▶ [Items from a dataset]
§

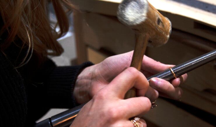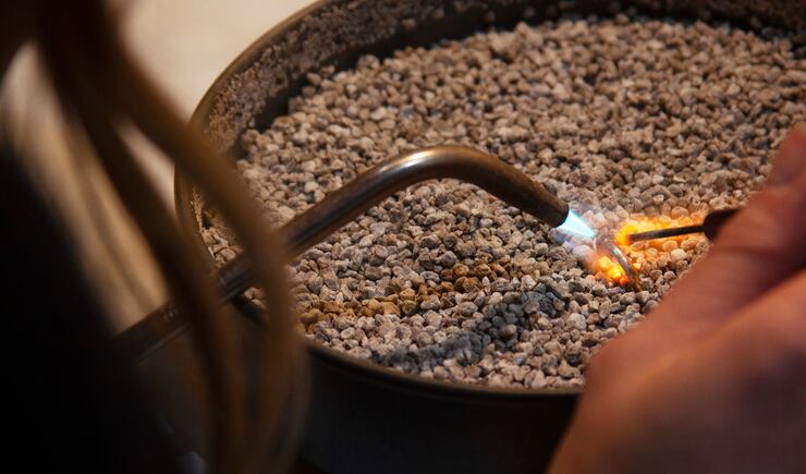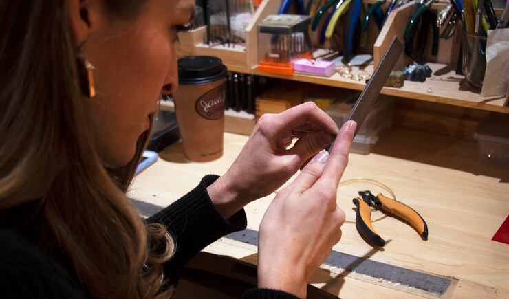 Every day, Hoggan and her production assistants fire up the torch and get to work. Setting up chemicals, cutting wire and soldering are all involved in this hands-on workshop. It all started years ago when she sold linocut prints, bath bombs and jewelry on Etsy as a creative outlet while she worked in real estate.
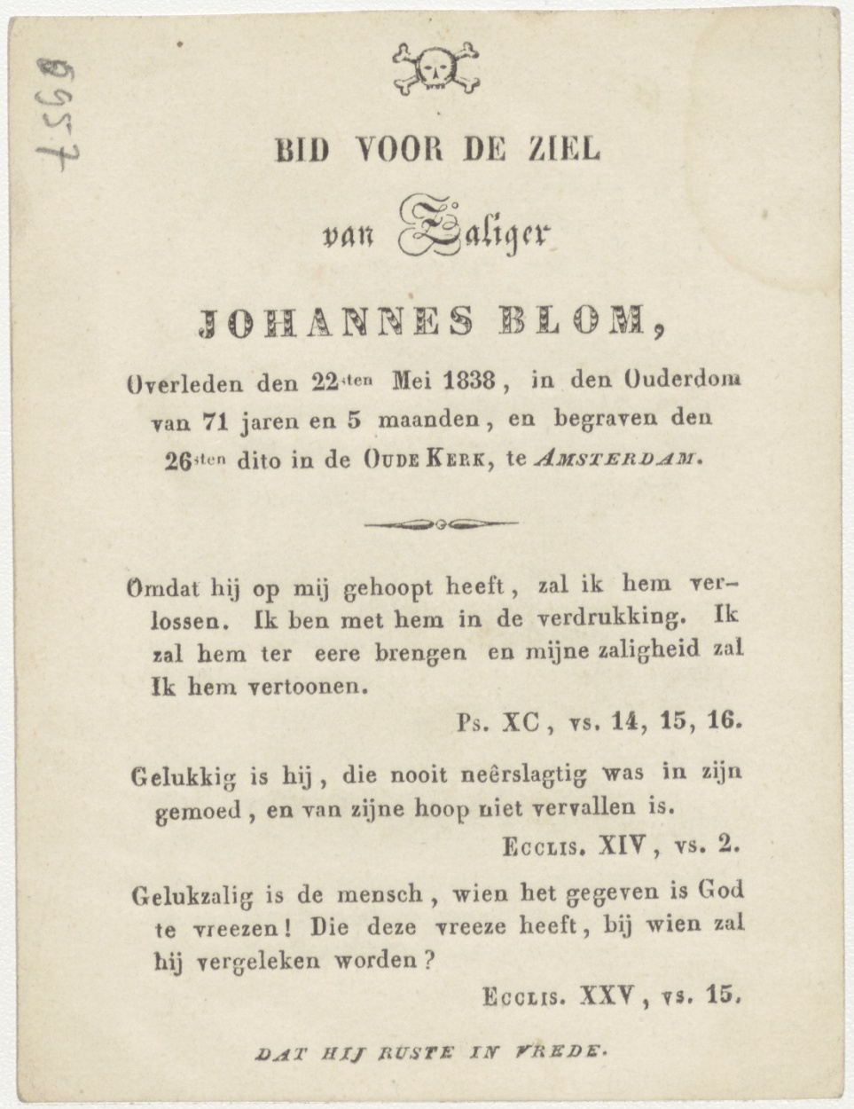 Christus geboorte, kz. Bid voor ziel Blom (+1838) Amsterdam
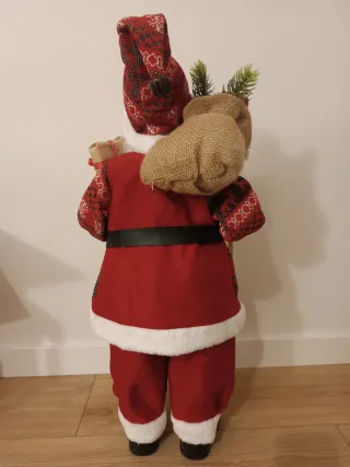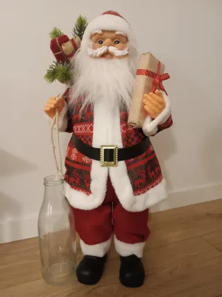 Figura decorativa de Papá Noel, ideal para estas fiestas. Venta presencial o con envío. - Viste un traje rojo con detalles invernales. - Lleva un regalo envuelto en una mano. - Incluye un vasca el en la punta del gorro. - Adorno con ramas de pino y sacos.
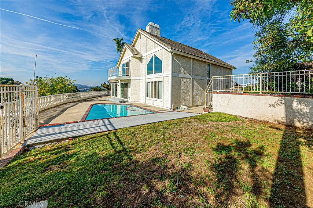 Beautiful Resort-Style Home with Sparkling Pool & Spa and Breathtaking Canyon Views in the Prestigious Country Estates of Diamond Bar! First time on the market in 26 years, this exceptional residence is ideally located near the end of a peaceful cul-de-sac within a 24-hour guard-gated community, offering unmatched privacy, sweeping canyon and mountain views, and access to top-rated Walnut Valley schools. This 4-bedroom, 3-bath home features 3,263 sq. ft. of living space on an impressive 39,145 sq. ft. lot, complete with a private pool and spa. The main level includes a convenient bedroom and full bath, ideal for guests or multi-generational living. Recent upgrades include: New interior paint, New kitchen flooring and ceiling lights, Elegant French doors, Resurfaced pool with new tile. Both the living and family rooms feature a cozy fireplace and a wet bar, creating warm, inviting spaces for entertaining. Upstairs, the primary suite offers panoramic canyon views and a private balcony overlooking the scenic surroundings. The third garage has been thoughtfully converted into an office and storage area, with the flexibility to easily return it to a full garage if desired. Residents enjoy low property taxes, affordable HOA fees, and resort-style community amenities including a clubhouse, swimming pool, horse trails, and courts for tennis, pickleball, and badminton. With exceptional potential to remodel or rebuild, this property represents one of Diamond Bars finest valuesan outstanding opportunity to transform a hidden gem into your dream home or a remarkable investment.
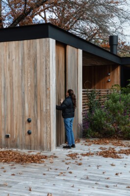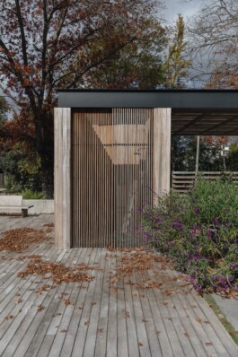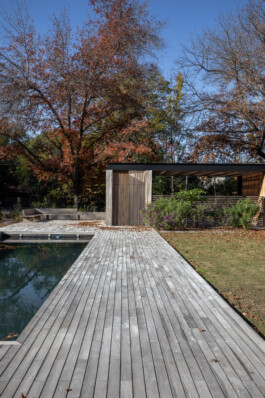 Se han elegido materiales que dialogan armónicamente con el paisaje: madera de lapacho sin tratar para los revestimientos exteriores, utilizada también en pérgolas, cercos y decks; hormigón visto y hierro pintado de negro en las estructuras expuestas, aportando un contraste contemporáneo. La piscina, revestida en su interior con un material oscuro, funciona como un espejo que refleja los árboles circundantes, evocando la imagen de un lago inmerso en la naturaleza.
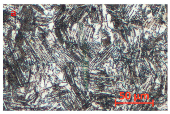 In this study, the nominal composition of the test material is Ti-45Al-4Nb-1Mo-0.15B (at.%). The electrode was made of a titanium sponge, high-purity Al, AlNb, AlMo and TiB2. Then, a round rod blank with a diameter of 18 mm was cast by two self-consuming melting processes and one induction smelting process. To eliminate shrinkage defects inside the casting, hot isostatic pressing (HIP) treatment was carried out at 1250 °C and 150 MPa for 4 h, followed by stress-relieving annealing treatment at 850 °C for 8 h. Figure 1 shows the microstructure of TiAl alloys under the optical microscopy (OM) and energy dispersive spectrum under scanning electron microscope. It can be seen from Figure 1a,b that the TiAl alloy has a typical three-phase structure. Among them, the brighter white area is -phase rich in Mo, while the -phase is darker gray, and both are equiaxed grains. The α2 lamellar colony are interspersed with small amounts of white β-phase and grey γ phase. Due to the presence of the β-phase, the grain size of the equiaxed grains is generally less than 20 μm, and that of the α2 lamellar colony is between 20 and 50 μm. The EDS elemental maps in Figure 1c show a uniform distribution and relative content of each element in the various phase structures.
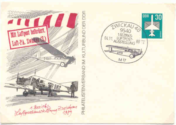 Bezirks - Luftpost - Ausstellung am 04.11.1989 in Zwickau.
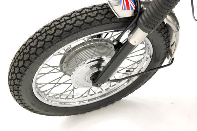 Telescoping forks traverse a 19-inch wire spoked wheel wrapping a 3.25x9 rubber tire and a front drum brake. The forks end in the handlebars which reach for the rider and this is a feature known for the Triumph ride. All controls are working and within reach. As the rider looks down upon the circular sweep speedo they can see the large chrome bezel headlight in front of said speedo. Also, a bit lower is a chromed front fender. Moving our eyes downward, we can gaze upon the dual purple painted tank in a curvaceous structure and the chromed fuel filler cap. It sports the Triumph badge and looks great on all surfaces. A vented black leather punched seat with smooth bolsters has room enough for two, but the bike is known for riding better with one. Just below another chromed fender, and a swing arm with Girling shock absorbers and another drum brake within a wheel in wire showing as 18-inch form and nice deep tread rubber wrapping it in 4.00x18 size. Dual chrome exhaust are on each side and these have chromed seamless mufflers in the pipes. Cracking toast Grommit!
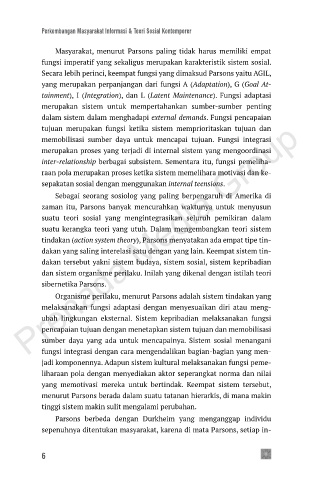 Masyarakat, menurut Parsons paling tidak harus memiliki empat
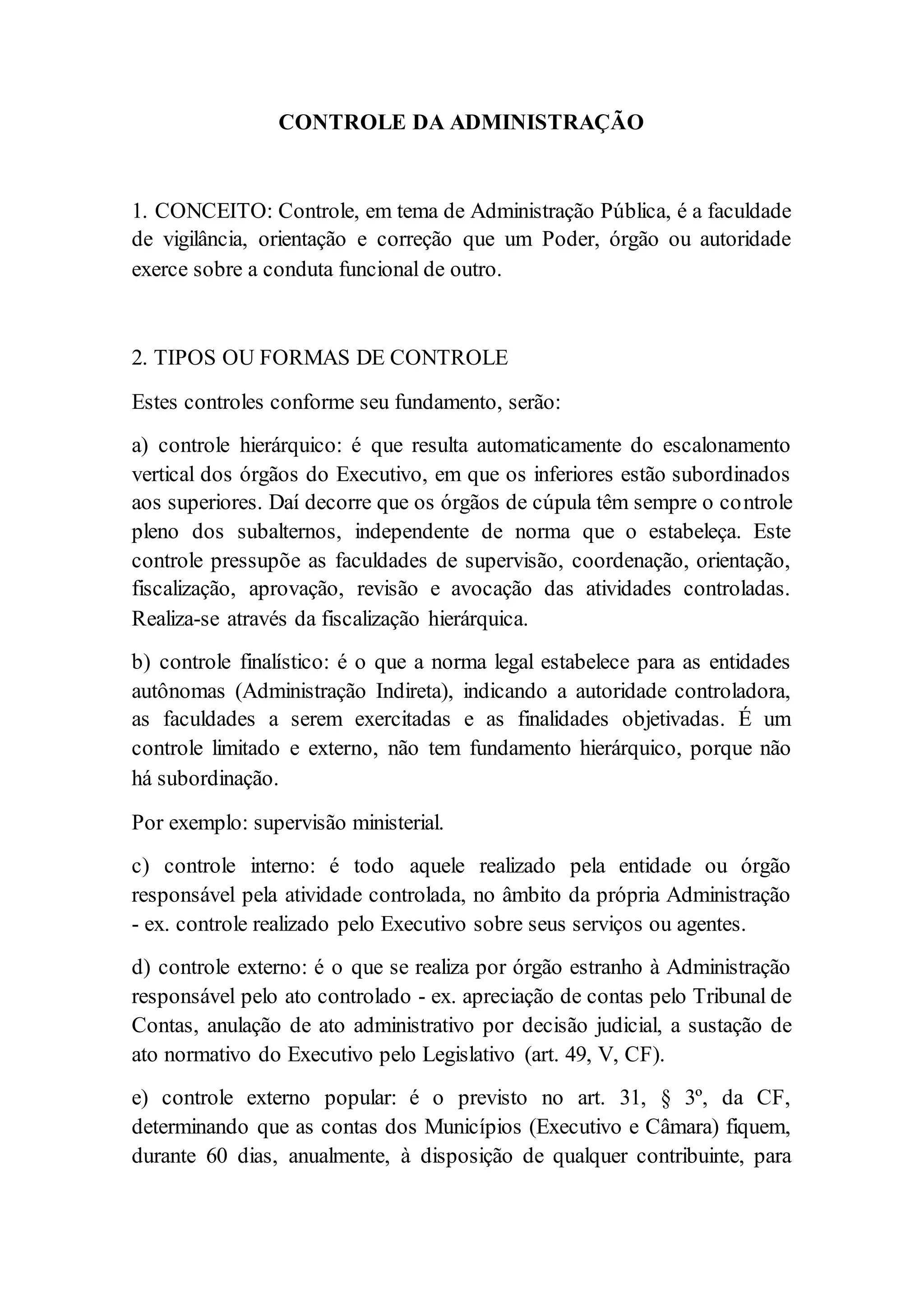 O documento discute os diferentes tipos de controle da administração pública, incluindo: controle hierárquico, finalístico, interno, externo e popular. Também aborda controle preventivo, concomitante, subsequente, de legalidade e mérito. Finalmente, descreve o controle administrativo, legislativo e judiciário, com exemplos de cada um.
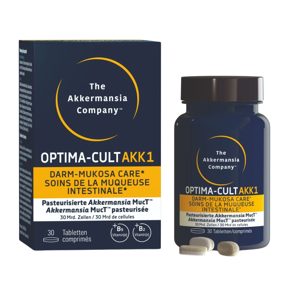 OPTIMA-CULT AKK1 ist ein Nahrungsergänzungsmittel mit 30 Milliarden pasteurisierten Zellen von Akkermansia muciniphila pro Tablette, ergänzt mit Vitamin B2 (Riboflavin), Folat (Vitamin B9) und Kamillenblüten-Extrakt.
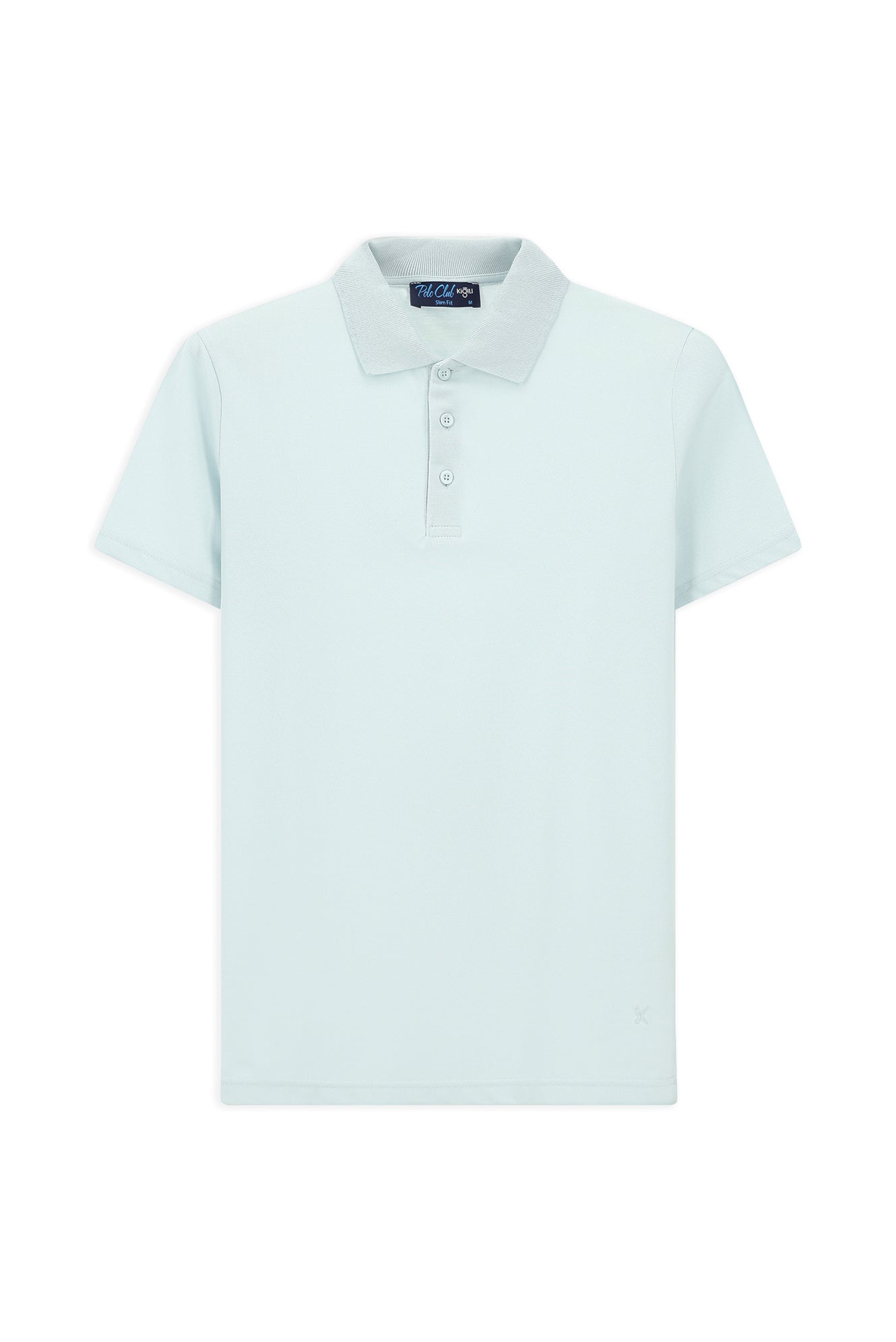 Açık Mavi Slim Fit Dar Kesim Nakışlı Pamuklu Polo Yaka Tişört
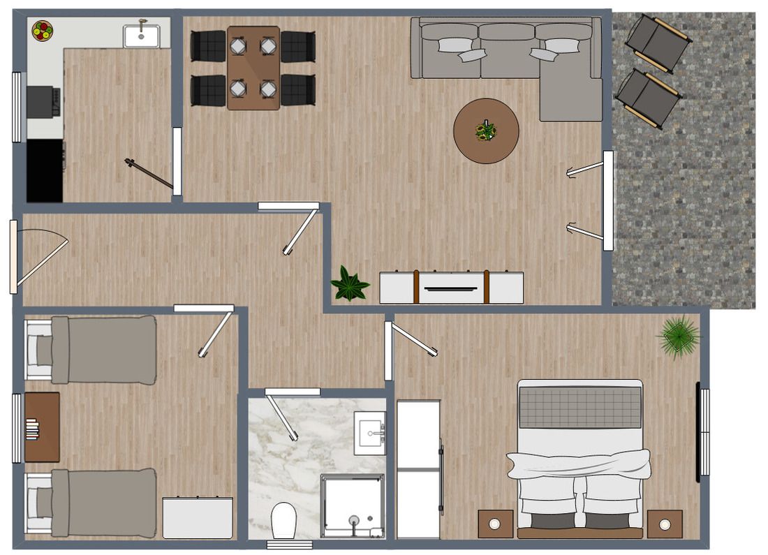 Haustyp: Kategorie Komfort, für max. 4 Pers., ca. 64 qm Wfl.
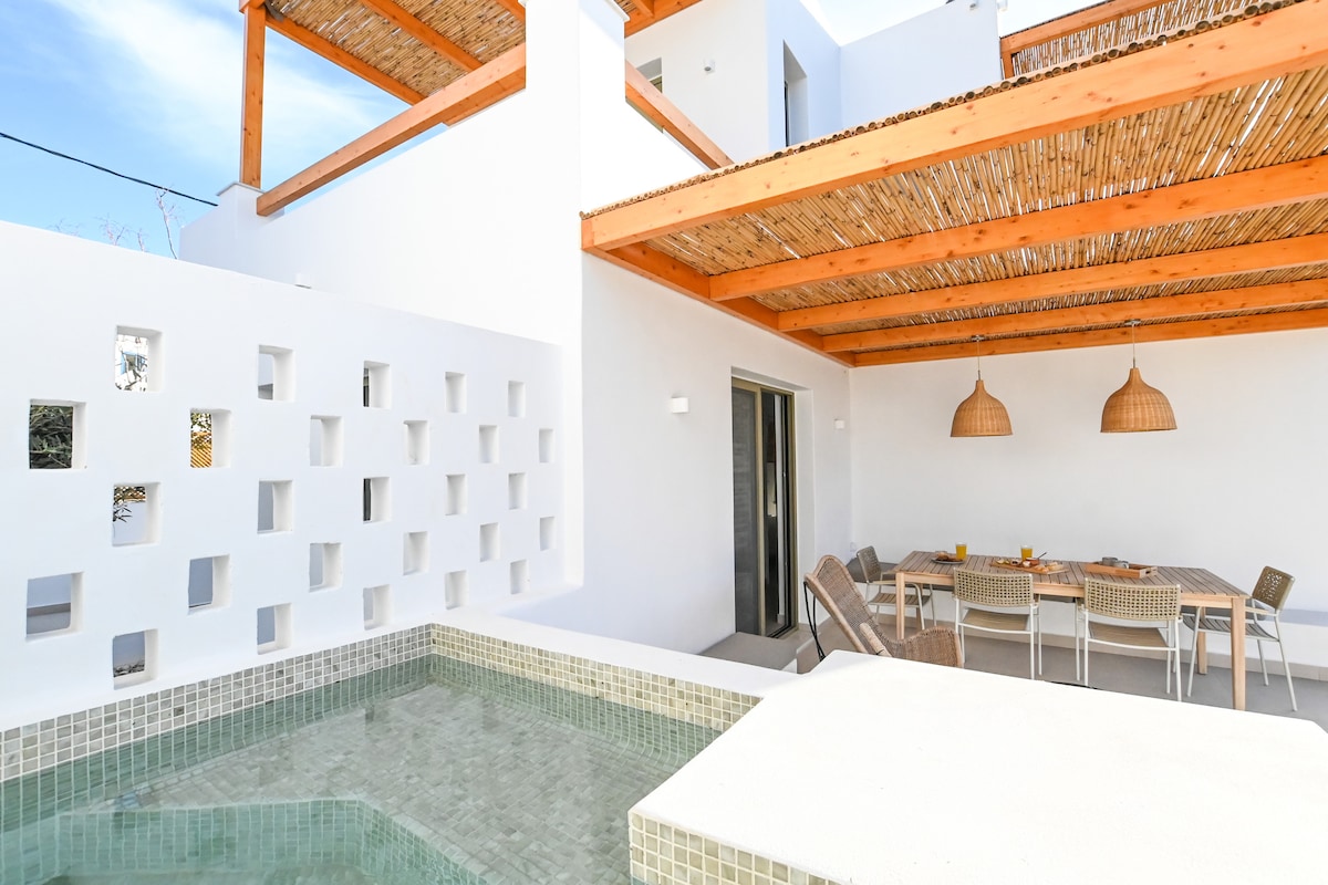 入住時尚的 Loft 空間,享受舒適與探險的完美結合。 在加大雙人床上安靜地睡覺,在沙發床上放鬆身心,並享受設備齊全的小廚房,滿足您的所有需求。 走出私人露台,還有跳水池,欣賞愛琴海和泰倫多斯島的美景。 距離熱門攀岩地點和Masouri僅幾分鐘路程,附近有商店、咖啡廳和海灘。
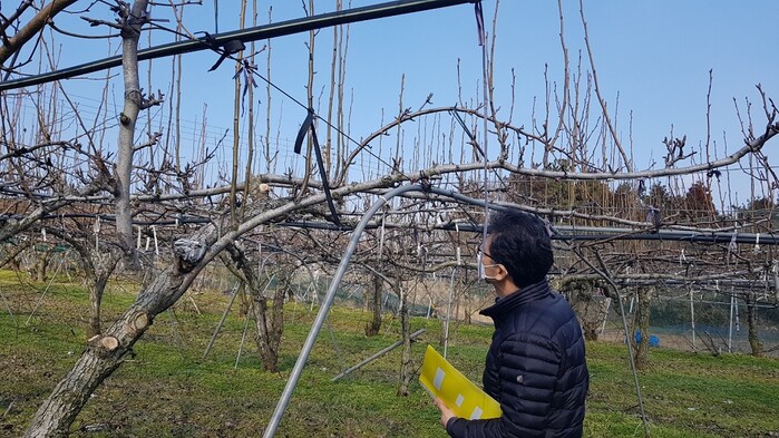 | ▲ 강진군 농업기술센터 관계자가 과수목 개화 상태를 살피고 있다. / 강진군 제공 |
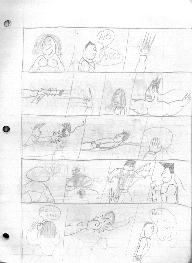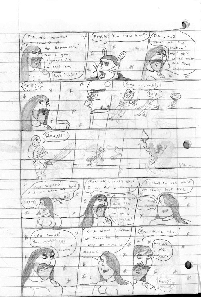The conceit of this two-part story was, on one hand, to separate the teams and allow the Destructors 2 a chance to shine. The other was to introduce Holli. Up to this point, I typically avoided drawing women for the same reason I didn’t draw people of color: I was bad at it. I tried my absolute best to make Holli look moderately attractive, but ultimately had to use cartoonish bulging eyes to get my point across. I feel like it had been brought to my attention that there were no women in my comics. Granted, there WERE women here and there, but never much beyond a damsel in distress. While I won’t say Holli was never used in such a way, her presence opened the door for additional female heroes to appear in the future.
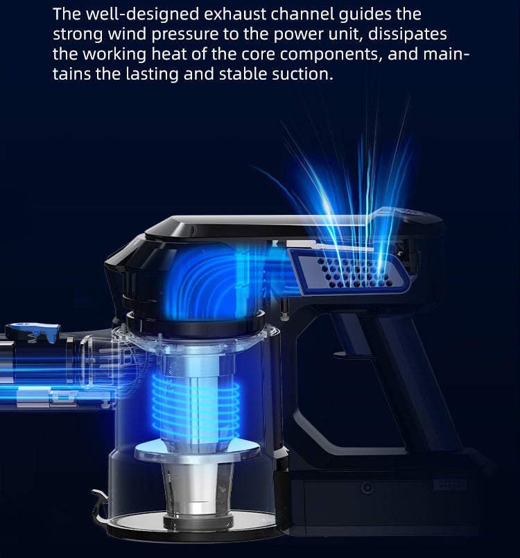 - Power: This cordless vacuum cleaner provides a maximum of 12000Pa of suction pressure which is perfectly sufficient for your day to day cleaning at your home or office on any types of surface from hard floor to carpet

§

The lines to be transcribed are those from the first line of the data above through the line holding "Figura decorativa de", inclusive; copy them exactly and only, leaving out the pictures.

▶ [Answer below]
 Every day, Hoggan and her production assistants fire up the torch and get to work. Setting up chemicals, cutting wire and soldering are all involved in this hands-on workshop. It all started years ago when she sold linocut prints, bath bombs and jewelry on Etsy as a creative outlet while she worked in real estate.
 Christus geboorte, kz. Bid voor ziel Blom (+1838) Amsterdam
 Figura decorativa de Papá Noel, ideal para estas fiestas. Venta presencial o con envío. - Viste un traje rojo con detalles invernales. - Lleva un regalo envuelto en una mano. - Incluye un vasca el en la punta del gorro. - Adorno con ramas de pino y sacos.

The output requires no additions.